BGH zu Insolvenzverfahren: Stundung einer Forderung aus Austauschgeschäft kann als Darlehen qualifiziert werden
Der Entscheidung lag die Anfechtungsklage des Insolvenzverwalters über das Vermögen einer GmbH gegen eine Schwester-Gesellschaft der Schuldnerin zugrunde. Alleingesellschafter beider Unternehmen war eine in einem anderen EU-Staat ansässige Gesellschaft. Die schuldnerische GmbH hatte der beklagten Schwester-Gesellschaft u.a. aufgrund Ende des Jahres 2008 erbrachter vertraglicher Dienstleistungen Anfang Juli 2009 Vergütung in Höhe von ca. € 31.000 überwiesen. Danach verfügte sie noch über Guthaben auf ihrem Konto. Auf Eigenantrag vom 30.12.2009 wurde im März 2010 das Insolvenzverfahren über das Vermögen der Schuldnerin eröffnet.
Das Berufungsgericht hatte die Klage mit der Begründung abgewiesen, eine Anfechtung wegen vorsätzlicher Schädigung gem. § 133 Abs. 1 S. 1 InsO bzw. § 133 Abs. 2 S. 1 InsO a.F. greife nicht, da es einerseits an einer unmittelbaren Gläubigerbenachteiligung, andererseits einem Benachteiligungsvorsatz der Schuldnerin bei der Vornahme der Zahlung fehle. Im Umfang der hier erörterten Zahlung hat der BGH das klagestattgebende landgerichtliche Urteil wiederhergestellt.
Der BGH hat die Würdigung des Berufungsgerichts insoweit beanstandet, als dieses nicht die Anfechtung nach § 135 Abs. 1 Nr. 2 InsO, § 39 Abs. 1 Nr. 5 InsO wegen der Rückzahlung einer dem Gesellschafterdarlehen gleichgestellten Forderung angenommen hat.

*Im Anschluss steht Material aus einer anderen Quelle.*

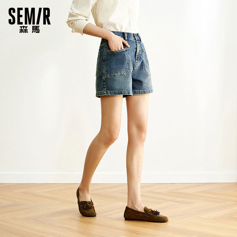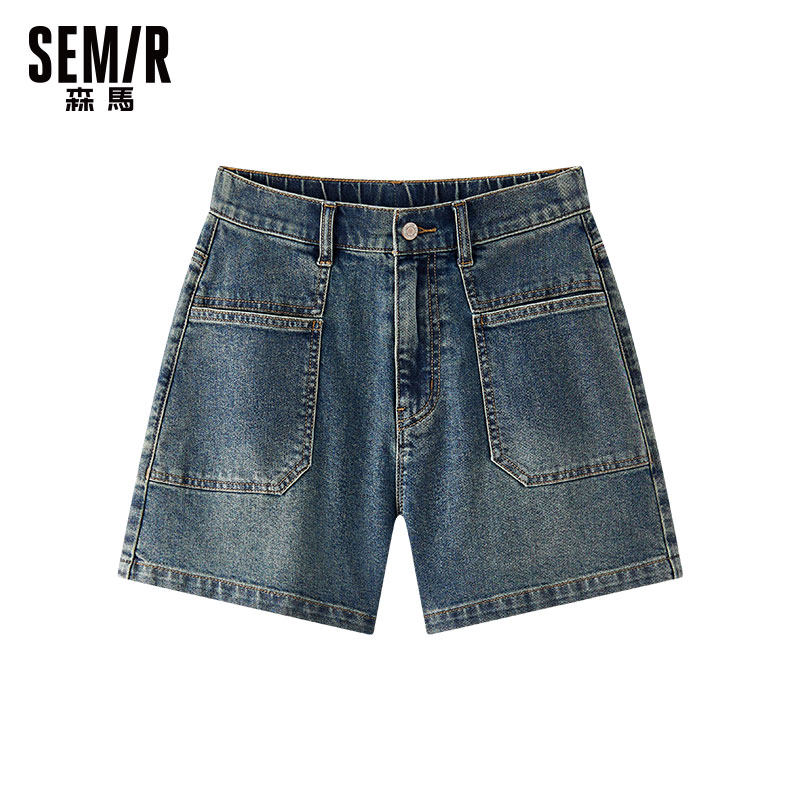 商场同款 短裤 森马牛仔裤 夏时尚 潮流 女半松紧腰2025新款 森柔牛仔

Die beklagte Schwestergesellschaft unterliege als mit der Schuldnerin verbundenes Unternehmen der Anfechtung wegen der Befriedigung von Gesellschafterdarlehen nach § 135 InsO. Dies ergebe sich aus dem Zweck des Gesetzes.
Bei der Zahlung auf die Dienstleistungsvergütung handele es sich um die Begleichung einer darlehensgleichen Forderung gem. § 135 Abs. 1 Nr. 2, § 39 Abs. 1 Nr. 5 InsO. Diesem insolvenzrechtlichen Nachrang seien nicht nur klassische Darlehensforderungen, sondern auch solche Forderungen unterworfen, die einem Darlehen wirtschaftlich entsprächen. Dies ergebe sich aus dem früheren Eigenkapitalersatzrecht.
Einem Darlehen entsprechen, so der BGH, alle aus Austauschgeschäften herrührenden Forderungen, die der Gesellschaft rechtlich oder rein faktisch gestundet werden, da eine Stundung wirtschaftlich betrachtet eine Darlehensgewährung bewirke. Das Unternehmen, dem eine Forderung gestundet würde, könne den Betrag gleich einem Darlehen kapitalmäßig nutzen und darauf verzichten, sich anderweitig Kreditmittel zu verschaffen.
Ein Darlehen scheide bei einer bargeschäftlichen Abwicklung aus. Des Weiteren führe nicht jede über den für ein Bargeschäft unschädlichen Zeitraum von 30 Tagen hinaus gewährte Stundung dazu, dass eine Forderung aus einem sonstigen Austauschgeschäft zu einem Darlehen werde. Abzustellen sei auf den im Geschäftsleben üblichen Umfang von Stundungen, der merklich überschritten sein müsse. Hierbei sei § 271a Abs. 1 BGB zu beachten, der Stundungen über mehr als 60 Tage unter bestimmte Bedingungen stellt. Eine Darlehensgewährung liege erst dann vor, wenn der Gesellschaft zur Tilgung einer Gesellschafterforderung über diesen Zeitraum hinaus ein zusätzlicher Zahlungszeitraum eröffnet wird und sich angesichts des Geschäfts insgesamt der Schluss auf eine Kreditgewährung unzweifelhaft aufdränge.
Eine Stundung von mehr als drei Monaten wie im entschiedenen Fall stelle daher eine darlehensgleiche Forderung dar. Hierfür spreche auch die ordentliche Kündigungsfrist für Darlehen von drei Monaten.
In der Praxis wird künftig genau darauf zu achten sein, Stundungen gegenüber verbundenen bzw. nahestehenden Vertragspartnern lediglich bis zu 60 Tage, längstens aber weniger als drei Monaten zuzulassen.